Logo Bloomberg Technoz

Bloomberg Technoz, Jakarta - Direktur Utama PT Garuda Indonesia (GIAA) Tbk Irfan Setiaputra mengaku belum lama ini bertemu dengan Menteri Koordinator Bidang Kemaritiman dan Investasi (Menko Marves) Luhut Binsar Pandjaitan terkait dengan pembahasan upaya penurunan harga tiket pesawat yang akan dilakukan melalui berbagai langkah efisiensi industri penerbangan.

Dalam pertemuan tersebut, Irfan menjelaskan kepada Luhut pentingnya melihat komponen-komponen lain yang memengaruhi harga tiket.

"Akan tetapi, kemudian [dalam pertemuan itu] saya yang ditanyain, saya sampaikan di balik harga tiket ada komponen lain, tolong juga dilihat. Kedua, ada ngomong soal efisiensi, oh monggo saya cuma menjelaskan sedikit efisiensi yang sudah kita lakukan, tetapi kalo itu dilihat kurang, ya monggo tolong bantu kita dilihat," jelas Irfan kepada Bloomberg Technoz, dikutip Jumat (12/7/2024).

Ilustrasi Garuda Indonesia dan Citilink. (Dimas Ardian/Bloomberg)

Irfan kembali menggarisbawahi bahwa Garuda Indonesia telah melakukan berbagai langkah efisiensi sendiri, termasuk dengan memensiunkan dini sekitar 5.000 karyawan dalam beberapa tahun terakhir. Bahkan, dia juga menyorotoi kenaikan biaya operasional lainnya akibat inflasi.

"Di inflasi itu kan adalah ke kenaikan gaji karyawan, salah satunya. [Tarif untuk sektor] yang lain-lain boleh naik; listrik boleh naik, tol bisa naik, kita [tarif batas atas/TBA maskapai] enggak pernah naik. Sudah 5 tahun loh kita enggak naik, padahal komponen dasarnya semua udah naik," ujarnya.

Dengan demikian, Irfan menekankan pentingnya untuk tidak mengaitkan langsung antara kebijakan tarif batas atas (TBA) maskapai penerbangan komersial dengan harga tiket pesawat.

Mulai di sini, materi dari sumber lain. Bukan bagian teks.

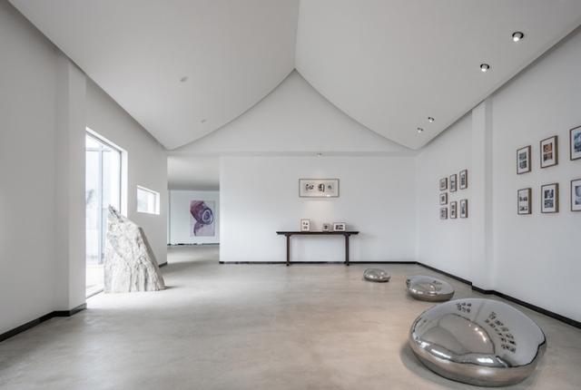 穿越宛如老家具博物館的祠堂,眼前佈滿淡雅水泥粉光質感,捨棄多於繁雜色彩與軟件,客廳僅以簡白螺旋木梯提增份量感,與後方穿透兩層樓的木質黑層板書牆,圍構靜謐的日式禪風氣息。

"Permintaan kita sederhana, tolong di-review deh. Kita tahu posisinya, tetapi kan kemudian jangan dikaitkan TBA sama tiket," jelasnya.

Diberitakan sebelumnya, Menko Marves Luhut memaparkan salah satu evaluasi yang akan dilakukannya sebagai langkah untuk untuk efisiensi penerbangan dan penurunan harga tiket pesawat yakni, evaluasi operasi biaya pesawat dengan mempertimbangkan cost per block hour (CBH).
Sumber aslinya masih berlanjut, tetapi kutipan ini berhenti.